Friday, January 8, 2016

Wow

Sheri's dog had to be put down. She had the dog instead of a child.  Twelve years old, with a bleeding nose that refused to stop. Likely a tumor of some unknown tissue type that would cost $3,800 to diagnose. Outrageous.

Well, she said it was a relief for the end to finally come, though she & Marty hardly expected it this soon, as the dog had hiked just the week before. 

Now, will she eventually get another dog? Not right away, as now she feels free to go for a long walk.  Maybe the Pacific Crest Trail. 

She asked a few questions about little stuff like nail clippers.  I said if she was sending herself boxes, to include laundry soap and lotion with the food supply. 

She's keen on the idea and even knows when the Pacific Crest Trail Association accepts applications for permits.  She even suggested that I go with her.  I'd do it again, but I can't commit this early. And I do have a race to run in September--that's so far away.  That would be so much fun to walk the trail again!  I'd look at all the scenery and trust my feet more than I did last year.

I said she could call me for tips, etc.  I hope she does, as I love to talk about my gear and the walk.

Sunday, September 6, 2015

Victoria

Oh. Oh. Oh. I'm at the Fuller Lake Motel, in Chemainus, BC, 45 miles north of Victoria. I'm recovering from car sickness.

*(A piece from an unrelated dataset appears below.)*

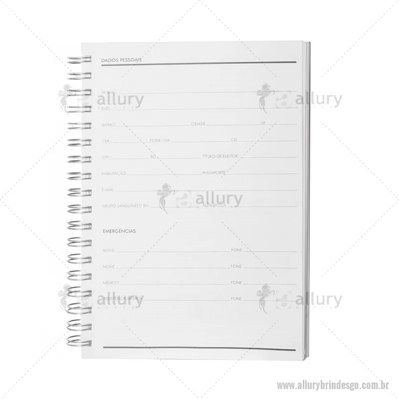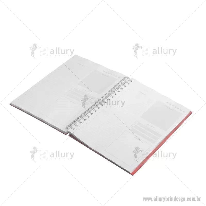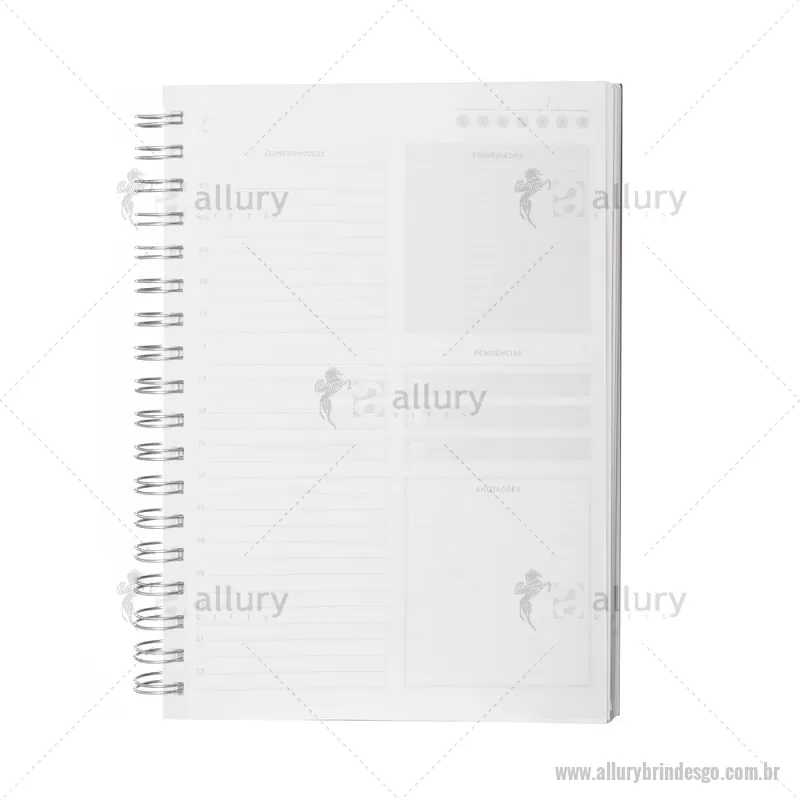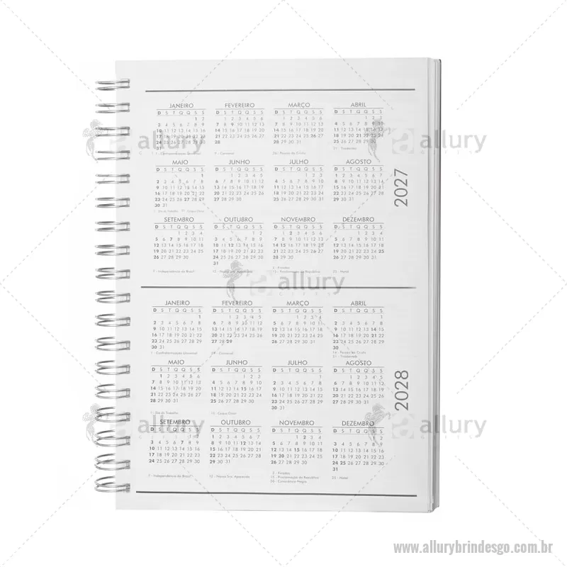 Caderno planner em espiral com capa rígida em Percalux de 2 mm. Possui 90 folhas brancas de 95 g/m² com layout de planner, ideais para organização e controle da rotina. Inclui páginas de dados pessoais, calendários de 2025 a 2028 e espaços para anotações mensais. - - ALLGOCAD034

The day started with me checking airbnb so I could stay in Victoria where Jeff Freed was tying the knot with Yixi Zhang. Both had invited me up for the wedding in July. I thought she was sincere until she said she couldn't spare 15 square feet on her patio for a hiker (me).   I signed up for an airbnb room in Victoria, but the host responded to my request with neither a confirmation nor denial--she gave the room to another after raising the rate by $20 per day. I foolishly drove 3.5 hours to Port Angeles and got on the ferry thinking I'd get a confirmation. Mild motion sickness, yes--confirmation, no. And I'd stayed too long to get back on the ferry going back to Port Angeles. I'd gone as a friend of Jeff's. I sure hope she's the right one for Jeff.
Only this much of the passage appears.